North Korea as a country is a complete mystery. No one knows what really goes on there. Their communist leader is revered as a god, and the people live in absolute tyranny. Refugees like Yeonmi Park tell stories that would make your hair rise. But even though most people there live in extreme poverty, North Korean hackers are revered as some of the best in the world. Their government places a significant emphasis on hacking as a profession, and for many people, their life choice is to learn how to hack or starve to death. Most of them chose the former.
How do they target job seekers?
Lazarus is one of the most famous hacker groups in the world. Over the past couple of years, they’ve been targeting professionals on LinkedIn, disguised as HR staff, working for fake companies. With the massive rise of crypto during the same time, they’ve stolen billions of dollars.
Their newest operation started all the way in 2020, and we’re seeing the results now. They used social engineering tactics for two years to establish an online presence and falsely invited military and aerospace personnel with fake job offers.
In “Operation In(ter)ception”, they pretended to work for Coinbase, one of the world’s largest crypto exchanges. An unsuspecting victim would get a message on LinkedIn stating that they’re a perfect role for a new job with excellent starting pay and amazing benefits. At the start, everything seems pretty normal. They go through an interview process, and then the hackers send three files. One is a PDF file, another is an executable, and the third one is a downloader.
In reality, the PDF file is a decoy of an executable that launches the app and the downloader. At that moment, a device becomes compromised, and the hackers can retrieve payloads and information from anywhere in the world.
What’s even worse about it is that it isn’t limited to macOS. Now, they’ve created a version for Windows, and people will fall for it even more.
Is this the first time that North Korea has struck?
Earlier this year, the same hacker group stole over 600 million from the popular play-to-earn game Axie Infinity. They used the same tactic, which worked on a senior software developer trained to avoid phishing scams. The social engineering that Lazarus uses is outstanding. Even trained professionals can’t distinguish what’s real and what’s fake.

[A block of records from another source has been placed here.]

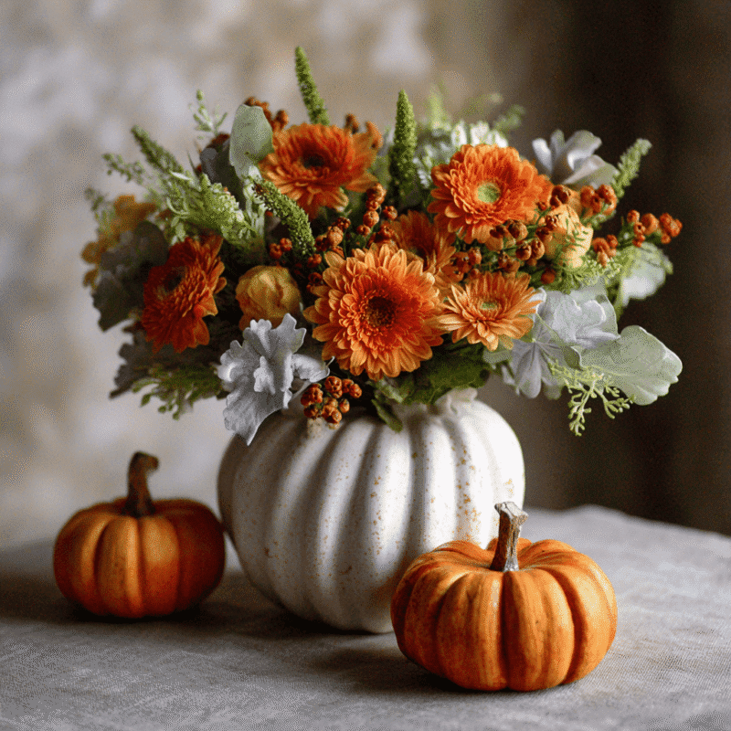 Hosting a gathering? This pumpkin posy sets the tone the moment guests step in from the crisp air outside. It flatters linen and stoneware, brightens wood tables, and looks beautiful alongside copper flatware and amber glass. After dinner, it moves effortlessly to a bedside table or desk, extending the celebration into the week. Sending it as a thank-you? The message is clear: “You’re appreciated,” expressed through color, texture, and a playful seasonal vessel that brings out smiles.
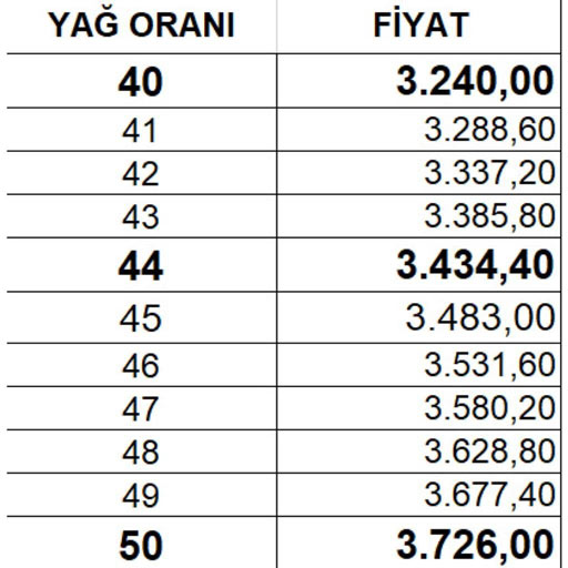 ham yağ oranına göre yapılan alımlarda % 41 ve üzeri yağ oranı çıkan ürünler yüksek yağ oranlı ürün olarak değerlendirilecek olup, her bir yüzde puan artışı için %40 standart yağ oranlı ürün fiyatına % 1,5 oranında prim uygulanacaktır.
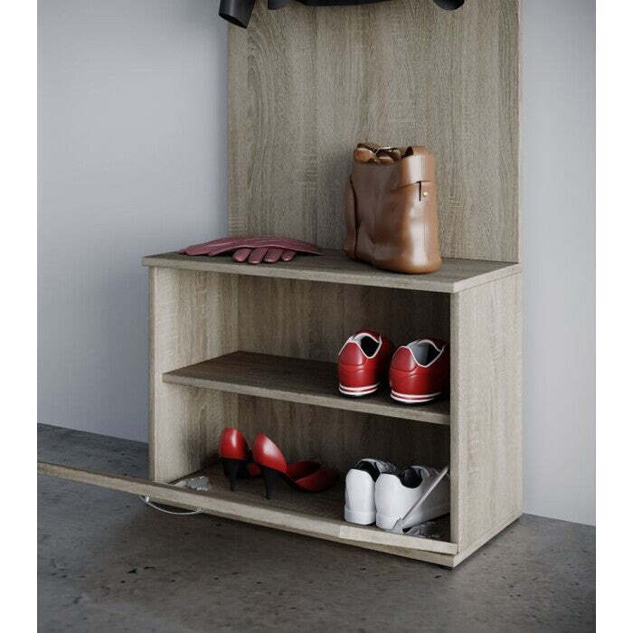 Predsieňová zostava LancePredsieňová stena Lanke je veľmi praktický pomocník a výborne zapadne do vašej predsiene či vstupného priestoru. Nábytok do predsiene sa skladá z botníka, troch vešiakov a hornej police. Na výrobu bola použitá kvalitná drevotrieska v dekore sonoma. Pôsobí veľmi moderne a vhodne doplní váš interiér. Predsieňový nábytok sa veľmi ľahko udržuje, na čistenie stačí použiť bežný saponát a látkovú handričku. Predsieňová zostava je vhodná aj do menších bytov. S predsieňou Lance máte všetko neustále upratané na svojom mieste.
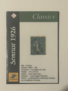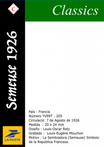 La Sembradora (Semeuse en francés) , un sello icónico de francia que ha estado en emision por un período de mas de 30 años en diferentes formatos filatélicos y aún vigente hoy en dia en monedas francesas, es un símbolo de los valores de la república francesa, «Legalite, Egalité, Fraternité», legalidad, igualdad y fraternidad.
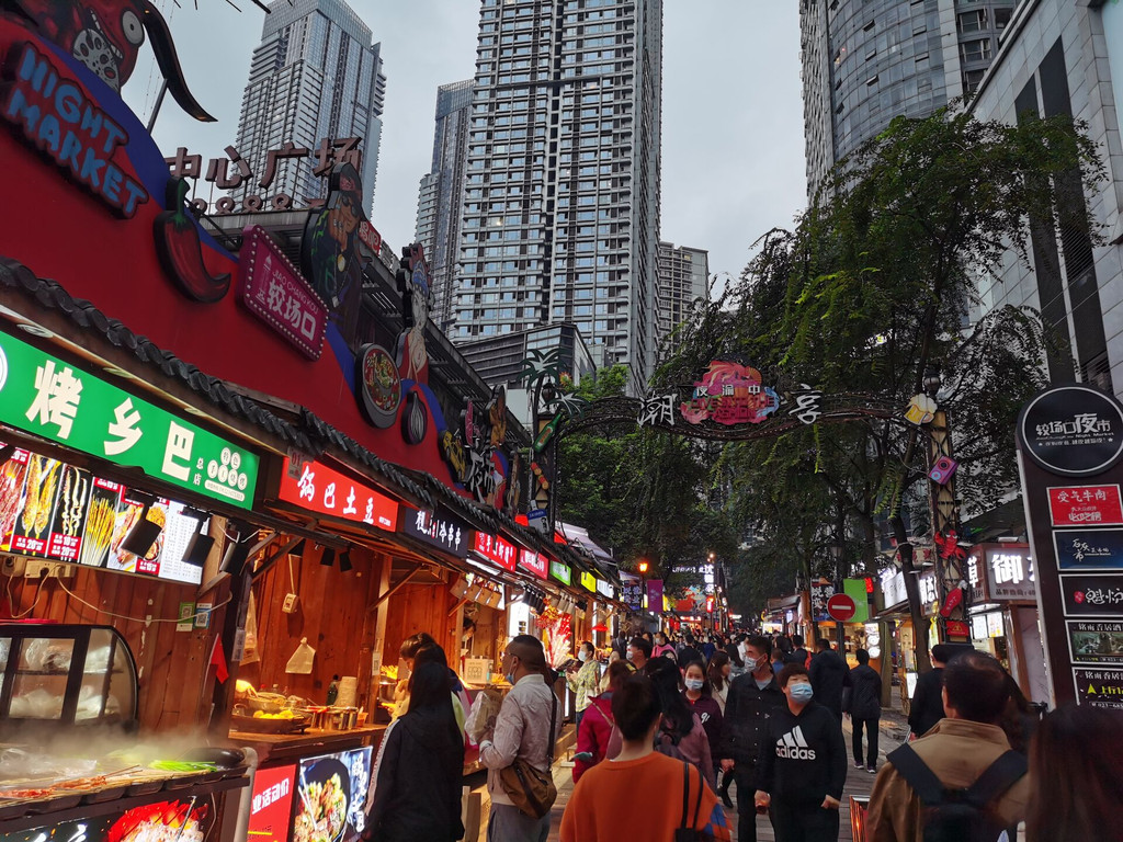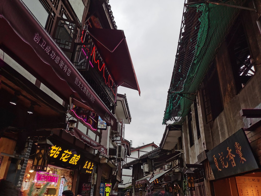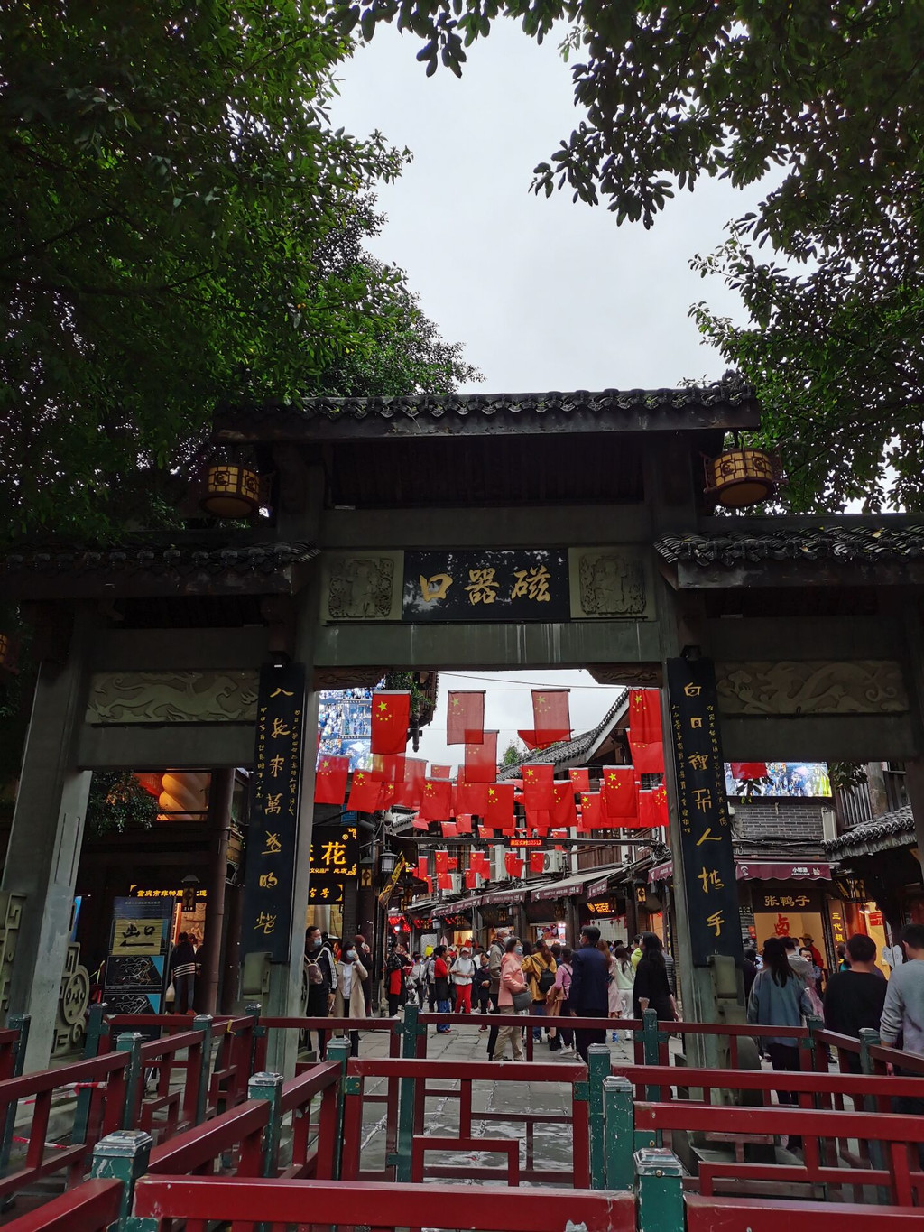 第二天的行程本计划是去武隆山,然而导航显示,武隆山距离重庆市区有一百多公里,临时决定改道去磁器口古镇。从较场口乘坐地铁一号线直达景区,一到景区脑子里就浮现两字“后悔”,方圆几里全是人头,景区为了分流设了八个入口,每个口都是人头攒动,更可怕的是进入景区完全被人流给堵住了,狭窄的古街道被人流堵的死死的,已然分不清哪跟哪,只能跟着人流移动。我所看到的磁器口古镇已经完全商业化,两边的古建筑也是重新修葺过的,已然没有了自然古镇风貌的一点烙印。

The former employee downloaded a PDF file, and through his device, the hackers could take control of 4 out of the 9 nodes that validate transactions. Silently, they sent 620 million dollars to their address, and the company didn’t realize that there was something wrong for almost a week.

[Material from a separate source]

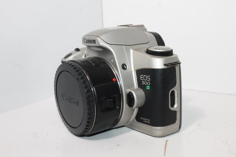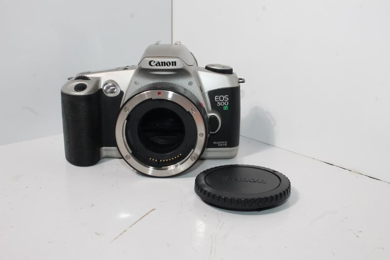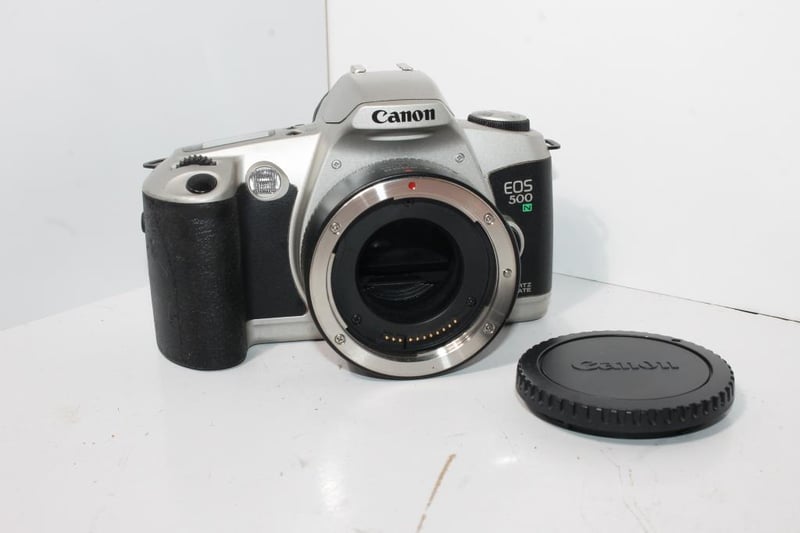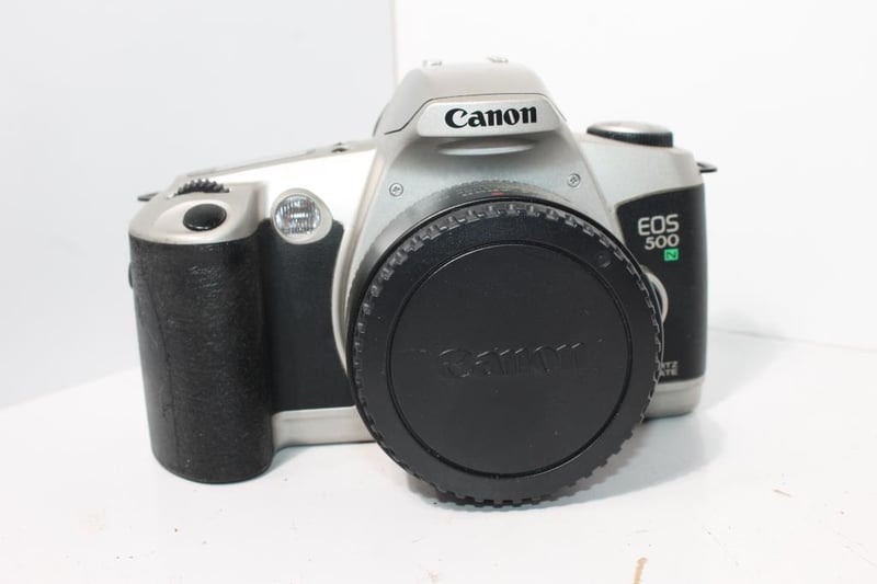 Canon EOS 500N 35mm Film CameraUsed condition with cosmetic wear from age and handling. Includes Canon EOS 500N body with body cap.

How can you protect yourself?
Don’t download files from strangers! It doesn’t matter if it’s LinkedIn, Facebook, Instagram, or email. You never know what could be inside. Hackers have created something that’s called a drive-by download.

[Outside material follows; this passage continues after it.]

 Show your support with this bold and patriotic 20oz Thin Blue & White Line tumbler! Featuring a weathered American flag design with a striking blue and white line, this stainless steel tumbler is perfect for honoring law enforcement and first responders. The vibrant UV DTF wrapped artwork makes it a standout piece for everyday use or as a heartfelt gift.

They can install malware on your device without permission, just as long as you click a link. The file will be invisible, and the malware it installs will ask a simple yes or no question disguised as a system update. All it needs is a click. The option doesn’t matter. Because of this, it’s essential to double and triple-check whether the file you’re downloading is safe.
One of the things that can keep you safe is a VPN that works as an ad blocker as well. It’s the newest feature in the VPN industry that makes them a pioneer in the sector. With this feature active, every website you visit will check whether it’s real or has something fishy in the code.
Not only that but all of the files you download will be scanned for malware. This means that even if you mistakenly click on something and a drive-by download starts, this software will stop it in its tracks. Finally, Threat Protection blocks all cookies and ads, making you less targetable and ensuring that you’re browsing the web safely.
Of course, if you purposefully share personal information and have a weak password, all of the protection in the world won’t be useful. You need to learn about the best cybersecurity practices and implement them whenever you browse the net for maximum protection.